Statistical analyses were conducted in STATA v.16 [48]. Due to the use of forced responses, there were no missing data, with the exception of some of the open-ended items. Of the 201 individuals who clicked on the link to the online questionnaire, 150 participants completed the survey. It was determined that 90 of these survey completions were either duplicate responses by individuals or fraudulent bot responses. This conclusion was based on a number of factors: incoherent qualitative responses, large numbers of responses submitted in a short time period, and low scores on reCaptcha measures embedded within the Qualtrics platform (with lower scores indicating bot responses). Of the 51 individuals that commenced but did not complete the questionnaire, 22 were allocated to the website-only group and 29 to the website with chatbot access group. Data analysis was therefore based on a sample size of 60 participants.

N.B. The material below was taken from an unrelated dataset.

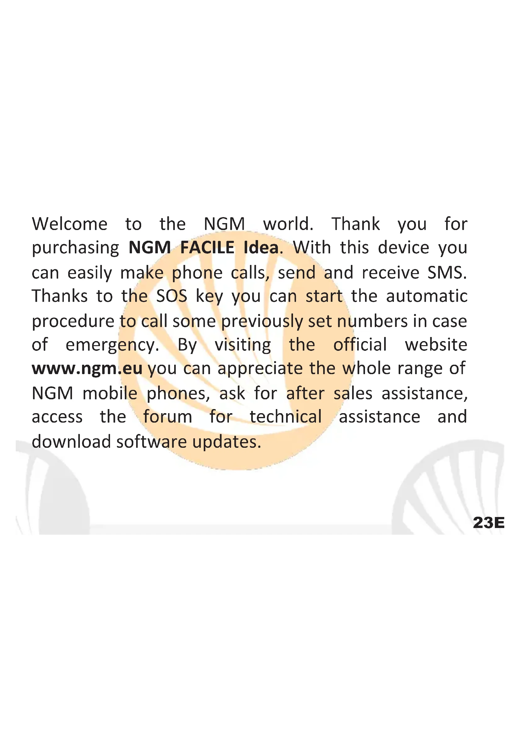 Home Screen32 ENGLISH Making a call: to make a call from the Home screen, select the desired number using the keypad and then press the green call key. To end the call, press the red end call key. Call a number from phonebook: from the main screen, press the upper right selection key; this will automatically open the Phonebook. Scroll through the contacts with the UP and DOWN keys and press the green call button to call the desired contact. Call a number from the call log: from the main screen, press the green call key; the missed, received, and outgoing calls will be automatically displayed. Scroll them with UP and DOWN keys and press the green call button when you found the number you want to call.33ENGLISH Add contacts to the Phonebook Select Menu > Phonebook > Add new contact, choosing to save the number on SIM or Phone. Enter the name and the new number, then press Options > Save. Speed dial: in Menu > Phonebook > Options > Phonebook settings > Speed Dial > Set Number, you can assign to keys 2-9 some numbers that will be called automatically if you hold down the related button. This feature can be turned on and off under Status. The device has two other additional quick dial keys M1 and M2, to which you could associate as much numbers in the same menu. These keys, placed to the left and to the right of OK button, will be activated with a simple press.34 ENGLISH Memory status: this feature within the phonebook settings allows you to see how much free storage there is on the phone and SIM card. Speech Dial: NGM FACILE Idea speaks out each number key you press. To activate this function, select Menu > Profiles > General > Options > Customize > Dialpad > Speech Dial [Warning: available for Italian language only] Send and read SMS Send SMS: From the main screen, choose Menu > Messaging > Write message and write your message. Press Options > Send to > Enter Number and enter the number using the numeric keypad or Add from phonebook to select from the Phonebook the contact you want to text.35ENGLISH Read SMS: when you receive a new text message, the phone displays an envelope icon on the top bar (as long as the message is unread) and a notification pop up appears on the main screen. Press the upper left selection key to enter the Inbox or access it from the main screen by selecting Menu > Messages > Inbox. On SMS settings you could find the Memory Status, which allows you to check the number of messages on the phone and SIM card. Bluetooth: In Tools > Bluetooth > Power ON you can turn on Bluetooth and search for other devices (headsets, phones…) by selecting the Search for devices option. Select the device you would like to associate with and confirm it on both devices.36 ENGLISH S.O.S. Function: NGM FACILE Idea is equipped with a dedicated button for fast forwarding emergency calls (*). This feature can be turned on and off by selecting Menu > SOS > Status. The SOS button is placed on the backside of the phone. In case of emergency, use this function to ask for help up to five phone numbers, previously set in Menu > SOS > SOS numbers. Press and hold SOS button for 2-3 seconds. As soon as the SOS function is active, the phone will send out a high volume alarm. Then, it will send a customizable SOS message to the chosen SOS numbers. After, the phone will call the five SOS numbers, for about 25 seconds each. If there is no answer, there will be a second cycle of calls. The whole procedure will be repeated for 5 times.37ENGLISH If one of the called numbers answers, the cycle will be interrupted and the call will automatically switch to speaker phone (handsfree). Attention: The SOS calls cycle will also be interrupted if the answering machine or voicemail of one of the called SOS numbers takes the call.

Group allocation was regressed onto SUS (system usability), PSSUQ (user satisfaction) subscales, SUPR-Q (user experience) subscales, and the combined Ease of Task Completion (SEQ) scores, in a series of univariate linear regressions. With the exception of SUS System Usability, PSSUQ Information Quality subscale, SUPR-Q Usability subscale, and SUPR-Q Appearance subscale, the data were non-normally distributed. Where data were non-normally distributed, robust estimators were employed. One-sample t-tests were conducted to compare the means of each group (website with and without Lilibot access) on measures with available norms (i.e. PSSUQ User Satisfaction and SUPR-Q User Experience subscales; [44, 45]). Thematic content analysis was used to analyse the data from each free-text item [49]. These analyses were conducted at a semantic level in which the focus is on what each participant said rather than any latent meaning.

3 Results

3.1 Impact of Lilibot on website usability

Table 2 displays the descriptive statistics for the variables of interest, broken down by group. All scales and subscales displayed good internal consistencies (α = 0.77–0.93).

Table 2 Linear regressions predicting website usability

The results of the linear regressions (Table 2) indicated that access to Lilibot positively predicted SUS System Usability (SUS; β = 0.28) and Ease of Task Completion (SEQ; β = 0.30), and negatively predicted all PSSUQ User Satisfaction subscales: System Usefulness (β = − 0.32), Information Quality (β = − 0.34) and Interface Quality (β = − 0.26). These results suggest that participants allocated to the website with Lilibot access group were more likely to experience greater Information Quality, System Usefulness, Ease in Completing Tasks, System Usability, and Interface Quality associated with the NSW GambleAware website than the website-only group. In contrast, access to Lilibot did not predict any of the SUPR-Q User Experience subscales.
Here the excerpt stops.